(DESCRIPTION OF THE TASK): Print the records below exactly, starting at the first line and stopping after the line that contains "Selger også to". Leave out any pictures.

Data items:
-*-

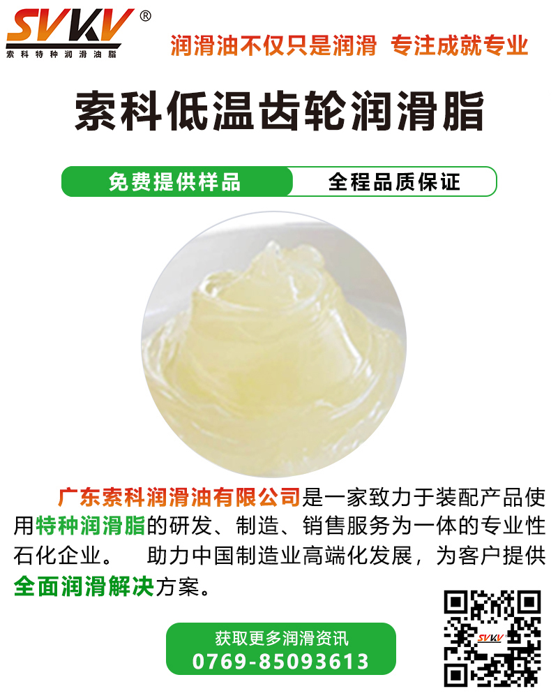 廣東索科潤(rùn)滑油有限公司是一家致力于裝配產(chǎn)品使用特種潤(rùn)滑脂的研發(fā)、生產(chǎn)、定制、服務(wù)為一體的專業(yè)性石化企業(yè)。致力為制造業(yè)客戶,提供專業(yè)的選油方案,協(xié)助客戶解決產(chǎn)品裝配時(shí)的潤(rùn)滑難題,還可根據(jù)客戶特殊需求訂做適合的潤(rùn)滑油品。有效提高產(chǎn)品性能、減低維護(hù)成本,索科助力制造業(yè)高端化發(fā)展! 主要產(chǎn)品有: 齒輪消音潤(rùn)滑脂|高溫潤(rùn)滑脂|食品級(jí)潤(rùn)滑脂|齒輪消音潤(rùn)滑脂|防水潤(rùn)滑脂 導(dǎo)電油脂|軸承油|硅油|干性皮膜潤(rùn)滑劑|低溫潤(rùn)滑脂|阻尼脂|全氟油脂
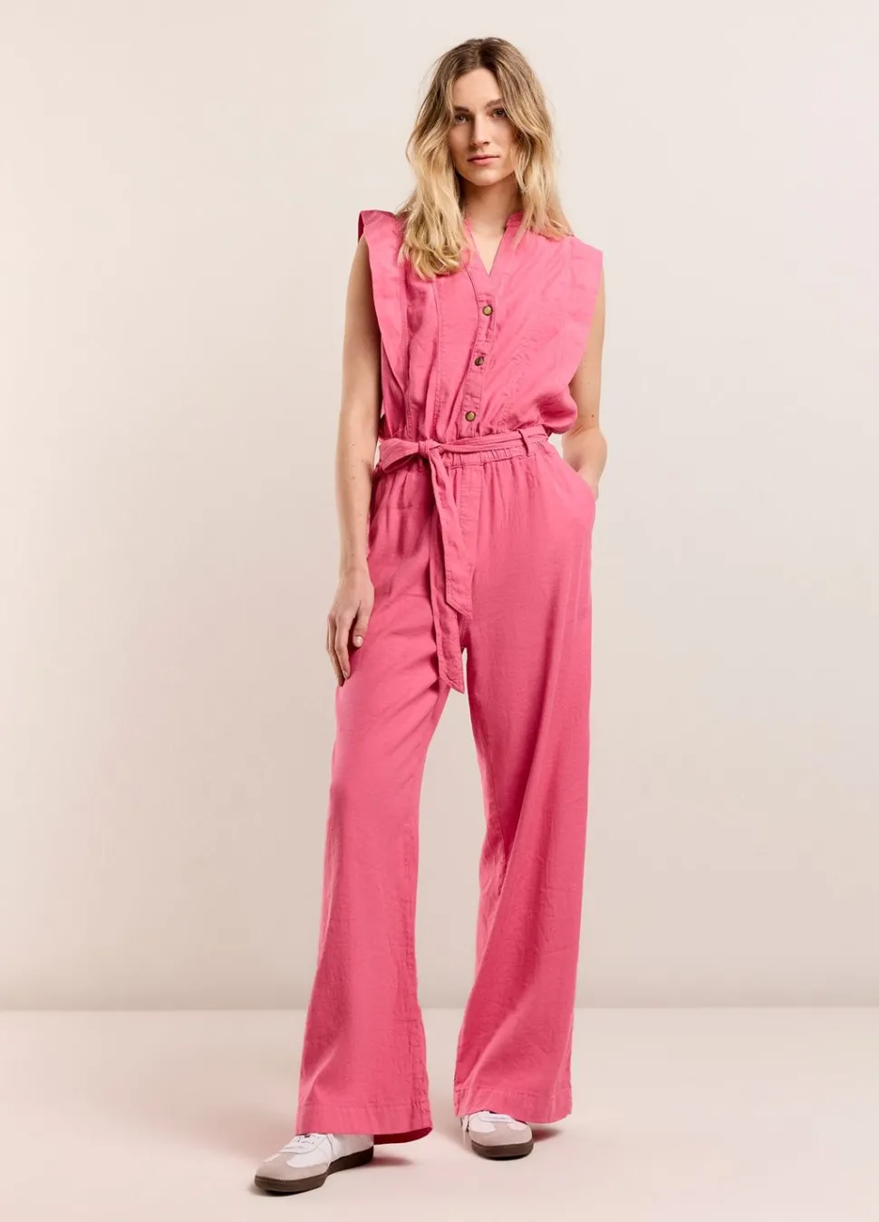 Mouwloze Jumpsuit Van Een Soepele Katoen-Linnen Stretchkwaliteit. De Jumpsuit Heeft Een Staanderkraag En V-Hals Met Drukknoopsluiting.
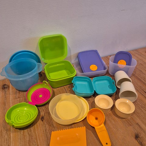 Selger også to brett for å fryse isbiter - ett i plast og ett i det jeg antar er silikon og to eggeholdere til kjøleskapet for kr 30, - per stk eller 100,- for alle fire.
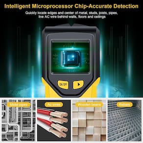 Scanner de parede Stud Finder – Detector de pinos 5 em 1 com chip de microprocessador inteligente e tela LCD HD, localizadores de feixe de sensor para o centro e a borda do tubo de vigas de metal de fio CA de madeira - Preciso e rápido: o localizador de pinos de parede adota um chip de microsensor inteligente com a mais alta sensibilidade que pode encontrar com precisão e rapidez bordas e centro de metal, vigas, tubos e fios AC ativos atrás de paredes, pisos e tetos. A detecção rápida economiza tempo e esforço dos usuários, facilitando a conclusão de tarefas. Deve ser o melhor presente para profissionais, proprietários de casas e entusiastas de bricolage - Alta visibilidade e visor LCD: nosso scanner de pinos está equipado com um visor LCD brilhante e retroiluminado que mostra o centro, a borda e a localização dos pinos detectados, bem como o status da bateria. Junto com a exibição visual, nosso localizador de pinos também fornece alertas de áudio e um som de bipe para ajudar a guiá-lo para a localização exata do pino. A tela abrangente facilita o uso de qualquer pessoa, mesmo em ambientes com pouca luz. É o presente perfeito para qualquer entusiasta de bricolage - Presentes exclusivos para reforma da casa: nosso localizador de pinos é um presente prático e útil para homens ou mulheres que desejam pendurar prateleiras ou outros objetos pesados na parede sem danificar a superfície. Além disso, é útil para detectar fios e tubos ativos atrás das paredes, evitando acidentes e reparos caros. Oferecer um localizador de pinos como um presente exclusivo mostra que você se preocupa com segurança, eficiência e praticidade, tornando-o um presente atencioso e valioso - Vários modos de digitalização: nosso localizador de pinos de madeira oferece vários modos de digitalização, incluindo varredura de pinos, varredura profunda e varredura de metal, dando a você a capacidade de detectar vários materiais e profundidades. O modo de varredura do pino encontra o centro do pino, enquanto o modo de varredura profunda detecta a largura de objetos maiores, como tubos e fios. Por fim, o modo de varredura de metal detecta a presença de metal, útil para encontrar encanamento atrás das paredes. Nesta temporada de férias, dê o presente de paz de espírito com um localizador elétrico de pinos - Uso amplo: nosso detector de madeira para parede é uma ferramenta versátil, confiável e que pode tornar qualquer trabalho mais eficiente e eficaz. Este detector de pinos localiza rapidamente fios de madeira, metal e CA escondidos nas paredes, pisos e tetos da casa. Ajuda você a evitar perigos ao pendurar e instalar suportes de TV, molduras para fotos, armários de parede, prateleiras de garagem, prateleiras, puxadores de banheiro e outras decorações. Dê o presente de conveniência e conforto com este prático gadget
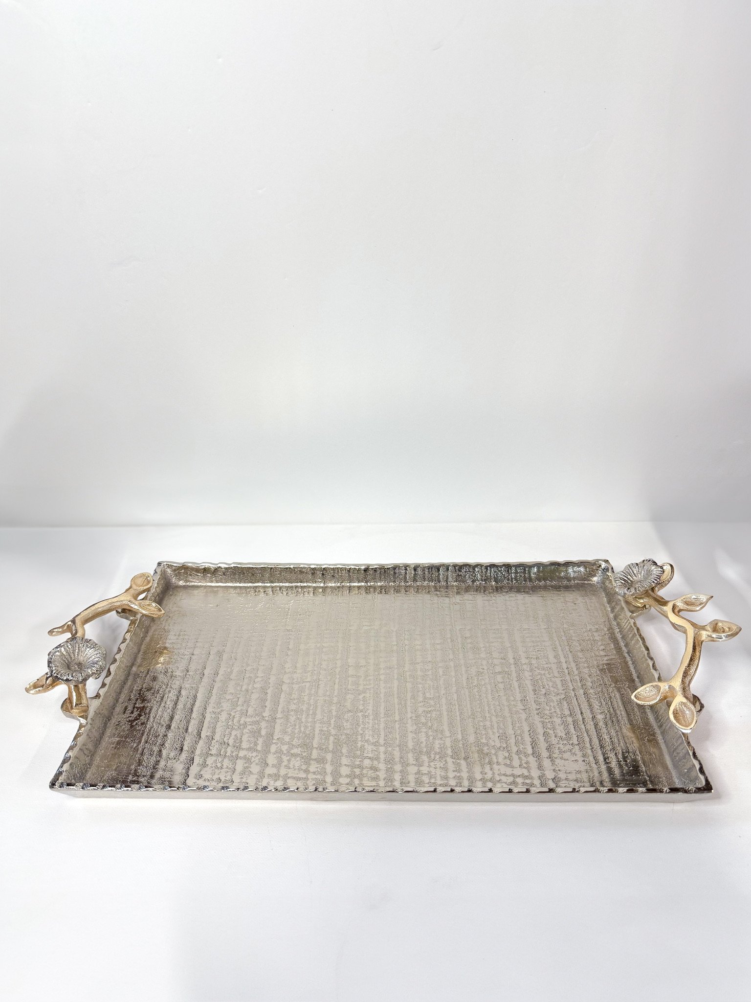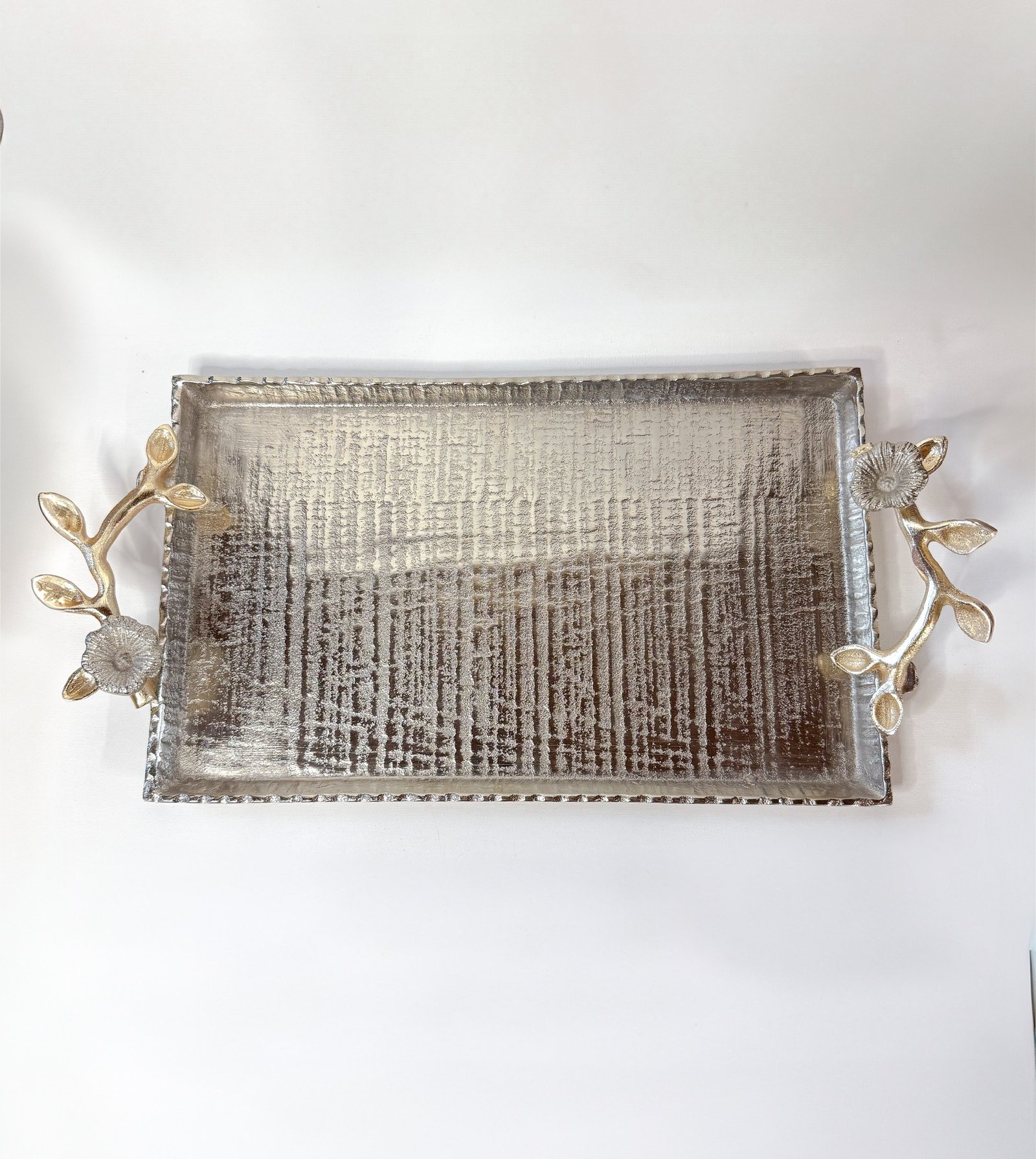 Silver Metal and Gold Serving Tray – 18.5″H x 9″W
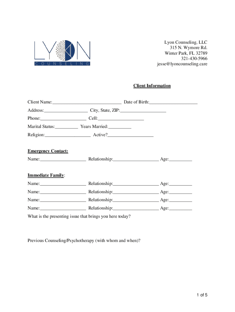 Lyon Counseling Client Information is not the form you're looking for?Search for another form here.
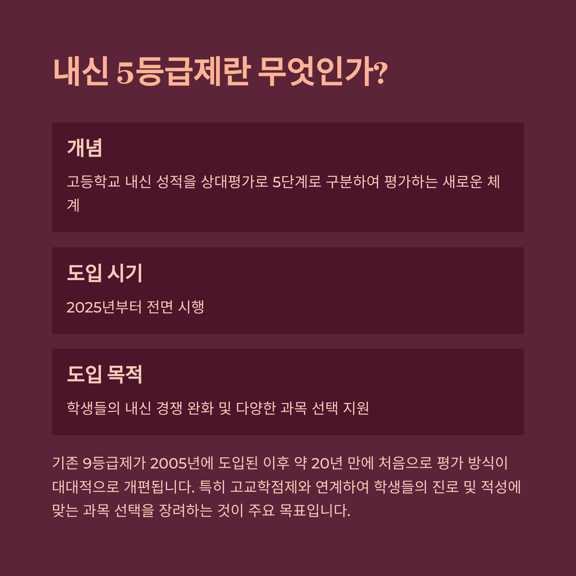 2025년부터 도입될 내신 5등급제는 단순한 등급 축소를 넘어, 한국 고등학교 교육의 패러다임을 바꾸는 변화입니다.
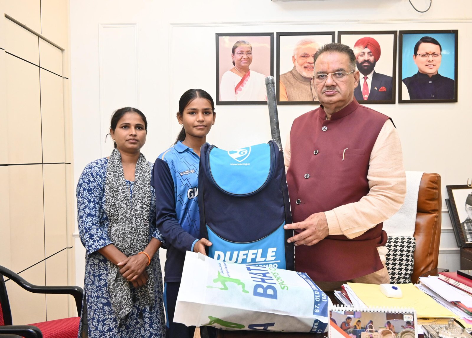 प्रेमनगर निवासी कक्षा 8वीं की प्रतिभावान छात्रा शगुन को क्रिकेट किट भेंट करते कैबिनेट मंत्री गणेश जोशी
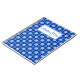 This Spiral notebook is printed with a Cosmic blue medllions tile pattern. It features an original repeating geometric design in shades of blue on darker blue.
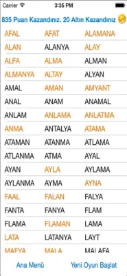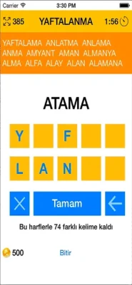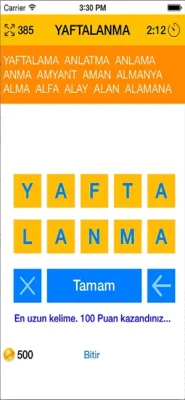 Türetilebilecek en uzun kelimeyi bulduğunuzda ekstra puan kazanırsınız.
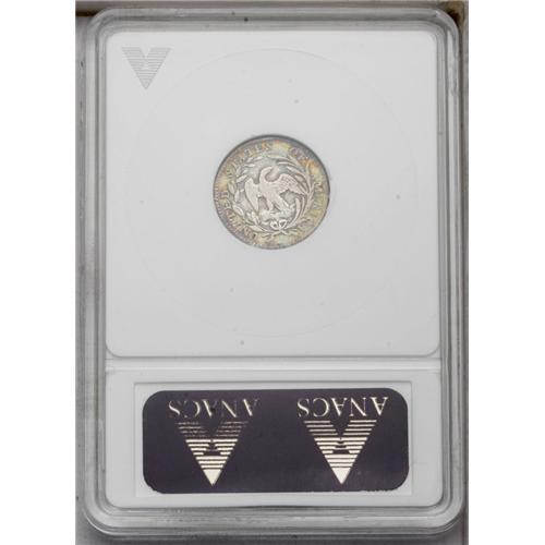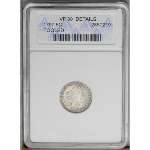 <B>1797<H10C> 15 Stars--Tooled--ANACS. VF30 Details.</B></I> V-2, LM-1, R.3. A great-looking early half dime, regardless of the net-graded holder, that is warmly accented in apricot and blue-green shades. A smoothed area along the obverse border from 9 o'clock to 11 o'clock is presumably the area affected by tooling.
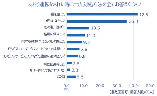 遭遇したあおり運転について聞いたところ、「あなたの自動車に激しく接近し、もっと速く走るように挑発してきた」が75.5%、続いて「車体を接近させて、幅寄せされた」が21.5%でした。また、その際にとった対処方法は、「道を譲った(42.5%)」「何もしなかった(36.0%)」「他の道に逃げた(13.5%)」と続き、あおり運転をやり過ごしたドライバーが目立つ結果となりました。
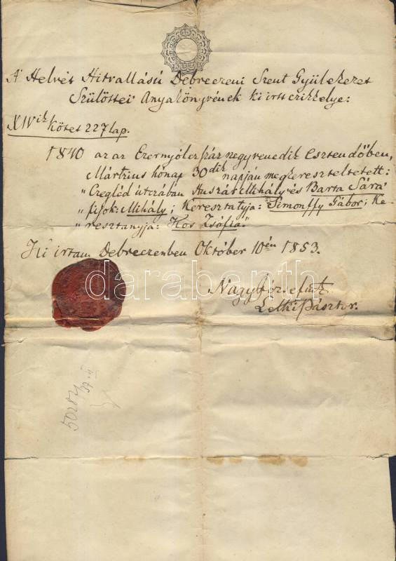 1853 október 10.-én kiállított anyakönyvi cikkely viaszpecséttel és 30... https://www.darabanth.com/de/113-Fernauktion/113.0/Andere-Sammelgebiete/~100069/1853-oktober-10-en-kiallitott-anyakonyvi-cikkely-viaszpecsettel-es-30f-es-okmanybelyeggel~II290417

-*-

(ANSWER TO THIS TASK):
 廣東索科潤(rùn)滑油有限公司是一家致力于裝配產(chǎn)品使用特種潤(rùn)滑脂的研發(fā)、生產(chǎn)、定制、服務(wù)為一體的專業(yè)性石化企業(yè)。致力為制造業(yè)客戶,提供專業(yè)的選油方案,協(xié)助客戶解決產(chǎn)品裝配時(shí)的潤(rùn)滑難題,還可根據(jù)客戶特殊需求訂做適合的潤(rùn)滑油品。有效提高產(chǎn)品性能、減低維護(hù)成本,索科助力制造業(yè)高端化發(fā)展! 主要產(chǎn)品有: 齒輪消音潤(rùn)滑脂|高溫潤(rùn)滑脂|食品級(jí)潤(rùn)滑脂|齒輪消音潤(rùn)滑脂|防水潤(rùn)滑脂 導(dǎo)電油脂|軸承油|硅油|干性皮膜潤(rùn)滑劑|低溫潤(rùn)滑脂|阻尼脂|全氟油脂
 Mouwloze Jumpsuit Van Een Soepele Katoen-Linnen Stretchkwaliteit. De Jumpsuit Heeft Een Staanderkraag En V-Hals Met Drukknoopsluiting.
 Selger også to brett for å fryse isbiter - ett i plast og ett i det jeg antar er silikon og to eggeholdere til kjøleskapet for kr 30, - per stk eller 100,- for alle fire.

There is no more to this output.